Sly Stallone’s Paradise Alley is like nothing else he ever made
Every day, Watch This offers staff recommendations inspired by a new movie coming out that week. This week: In honor of Joseph Gordon-Levitt’s Don Jon, we’re singling out some of our favorite feature directorial debuts by actors.
Paradise Alley (1978)
Sylvester Stallone’s directorial debut, Paradise Alley, is a prototypical vanity project: a wrestling-themed period piece set in 1940s New York that opens with Stallone warbling a maudlin piano ballad over the credits. However, unlike Stallone’s subsequent directorial efforts—all but two of them Rocky or Rambo movies—it wasn’t produced to satisfy franchise fans or meet genre expectations; when Paradise Alley was greenlit, Stallone was considered a bankable Oscar-nominated screenwriter and actor, rather than a bankable action star.
Working with producer Edward R. Pressman, a specialist in chancy oddities, Stallone created an eccentric, feverish drama about working-class nobodies trying to survive in a hostile environment. Like Martin Scorsese’s films from the same period, Paradise Alley melds intense ’70s acting styles with Expressionist formal effects. Its climax, a 12-minute wrestling match set under a leaky roof during a thunderstorm, plays like the finale of a silent film, transforming characters into archetypal figures struggling against elemental forces.

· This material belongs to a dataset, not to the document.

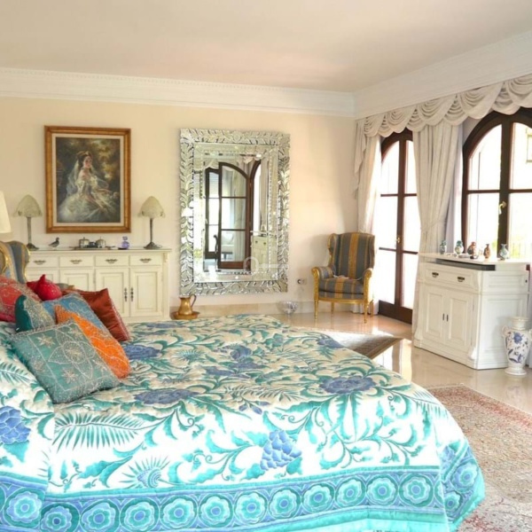 Na piętrze: główna sypialnia z kominkiem, aneksem kuchennym, garderobą i dostępem do dużego południowego tarasu z cudownym widokiem na otaczającą przyrodę, golf i częściowo morze; kolejna sypialnia z łazienką i 2 balkonami, obecnie używana jako gabinet.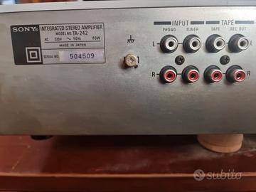 Sony TA-AX205 è un amplificatore stereo integrato vintage, prodotto a metà degli anni '80 (circa 1985) in Giappone. È un dispositivo solido e versatile, ideale per chi cerca un suono analogico classico senza spendere cifre esorbitanti. Caratteristiche Tecniche Potenza di uscita: 30 watt per canale su 8Ω (stereo). Risposta in frequenza: Da 15Hz a 70kHz. Distorsione armonica totale (THD): 0,08%. Ingressi audio: Dotato di connettori RCA per Phono (giradischi), Tuner, CD, Video e Tape. Uscite diffusori: Supporta due coppie di altoparlanti (Sistema A e B) con impedenza da 8Ω a 16Ω. Controlli: Regolazione di Bassi, Alti, Bilanciamento e funzione Bass Boost per enfatizzare le basse frequenze. Dimensioni e Peso: 430 x 106 x 250 mm per un peso di circa 4,7 kg

Leos Carax, then a critic for Cahiers Du Cinema (an informal rite of passage for ambitious French filmmakers), summed up Paradise Alley as “an orphan’s nightmare.” This phrase comes as close as any to explaining what makes the film so compelling. The main characters, played by Stallone, Lee Canalito, and Armand Assante, are orphaned brothers who have only each other to rely on, but whose relationship is tested by the possibility of money and success. In turn, the film’s expressive visual design—which really stresses the Hell in Hell’s Kitchen—evokes a dangerous, doomed world. The result is striking in the way it evokes fears of abandonment—children’s worries blown up to grown-up scale—and completely unlike any film Stallone has put his name on since.
Availability: Paradise Alley is available on DVD, for rental or purchase from the major digital providers, and to stream through Netflix.